En ce qui concerne la formation et l’aide à la reconversion des élus, la commission a accepté d’habiliter le Gouvernement à légiférer par ordonnance tout en apportant des dispositions qui vont dans le bon sens, telles que la validation des acquis de l’expérience ou la possibilité pour le CNFPT de dispenser des formations aux élus.
J’espère que nous évoquerons également le principe d’une formation socle qui pourrait être similaire à celle des agents publics, et pas seulement en matière de police judiciaire, mais aussi la possibilité d’être accompagné dans la perspective d’une fin de mandat pour une nouvelle carrière, voire une reconversion en valorisant les expériences acquises, ou encore les congés de formation.
Enfin, s’agissant de la protection des élus, la commission a enrichi le texte initial tout en approuvant les mesures gouvernementales proposées. Je ne reviens pas dans le détail sur les dispositifs.

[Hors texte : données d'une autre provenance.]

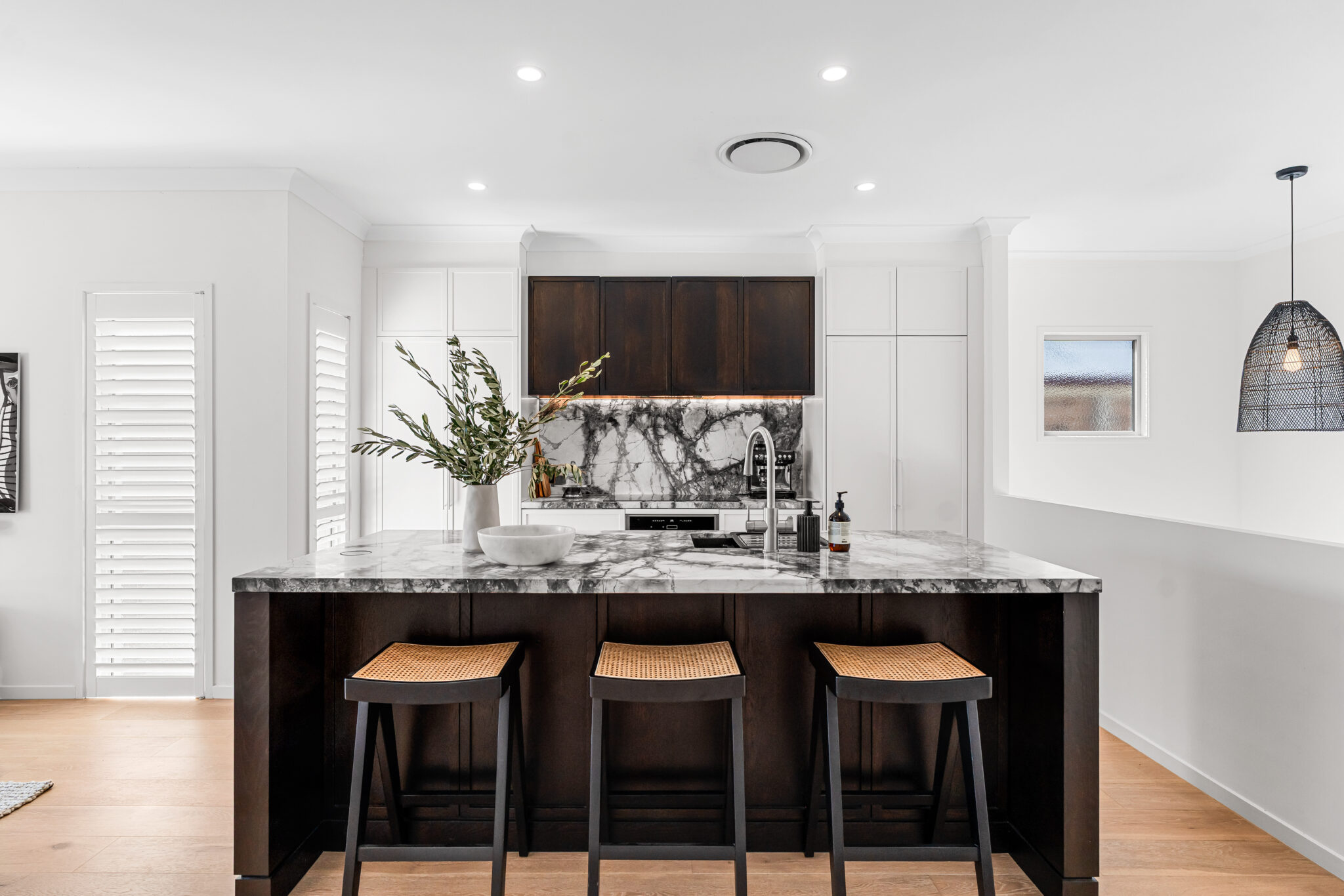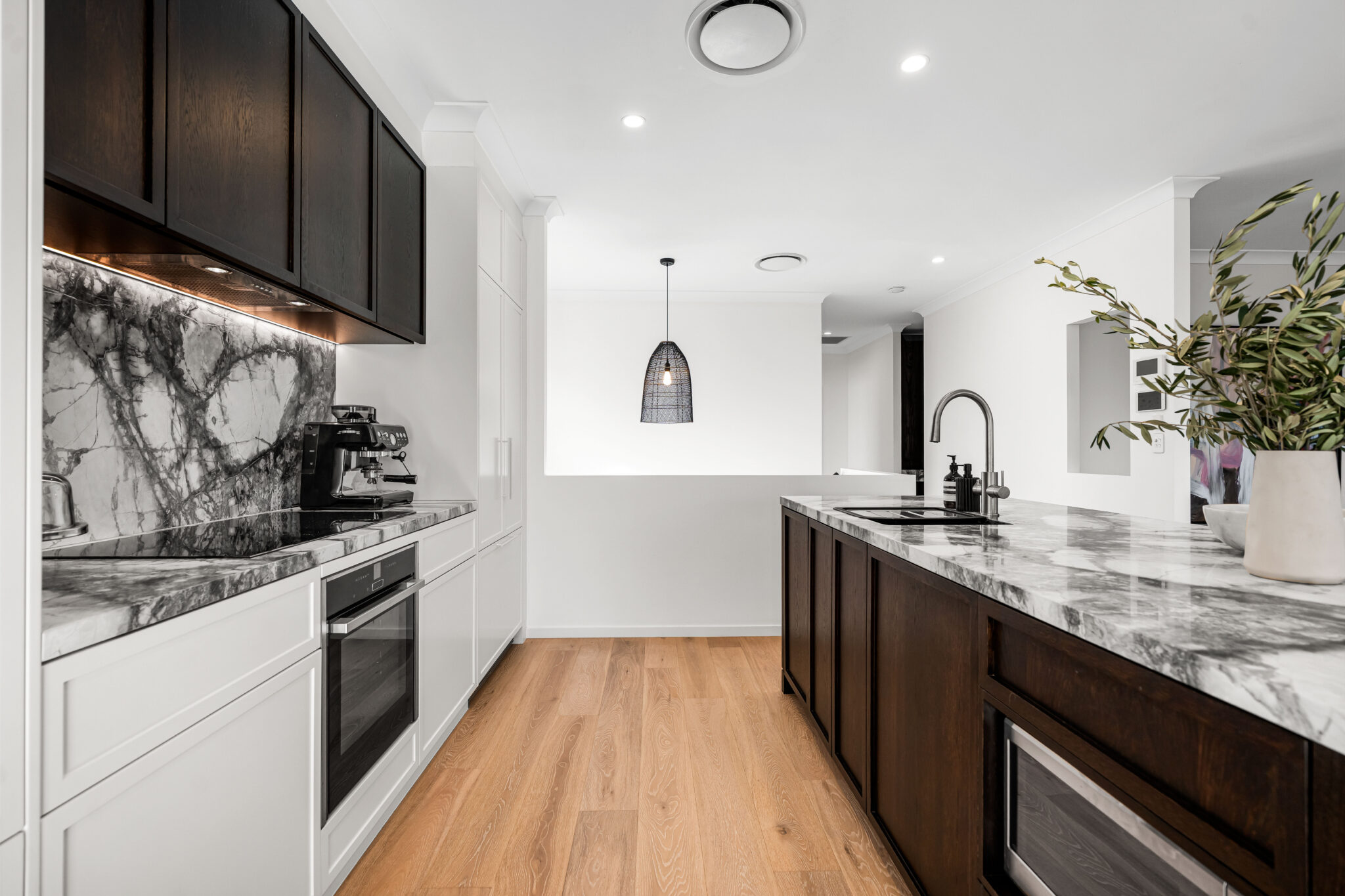 The gourmet kitchen is a showstopper, anchored by Iceberg Cote D’Azur benchtops from Signorino with 40mm mitred edges and a bookmarked splashback. Custom joinery in American Oak (Brown Japan stain to the island, 2PAC finish to surrounds) and premium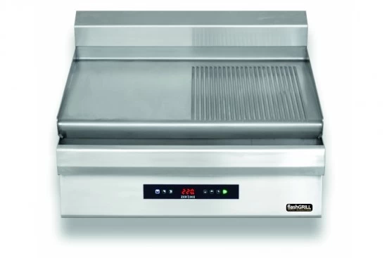 Dank seines patentierten indirekten Heizsystems der Wärmeübertragung lässt sich der Grill auf 1°C genau einstellen und betreiben. Die Heizungen liegen in einer abgedichteten Kammer in einem diathermischen Ölbad und verteilen so gleichmäßig und konstant die erzeugte und gespeicherte Wärme auf der gesamten Bratfläche, was zu einer enormen Energieeinsparung führt. Dies ermöglicht dem Anwender das Garen bei niedriger Temperatur (210-240°C). Dadurch wird der Rauchpunkt von gesättigten Fetten nicht erreicht und die Bildung von Amine und Carbonsäuren vermieden. Da das Ölbad als thermische Reserve fungiert und die Wärme nur langsam abgegeben wird, hat der FlashGRILL einen sehr geringen Anschlusswert und Stromverbrauch! Die besondere Stahllegierung der Bratfläche ist formbeständig, verschleißt nicht und erlaubt das Schneiden der Gerichte direkt auf der Bratfläche.

Pour conclure, je dirai que nous avons assisté jusqu’à maintenant à un travail collectif et constructif au sein de la commission des lois ; je ne doute pas que cet état d’esprit présidera à nos débats, dans l’intérêt des élus locaux dont nous sommes les représentants et, à travers eux, dans l’intérêt de notre démocratie, des libertés publiques et de l’efficacité de l’action publique.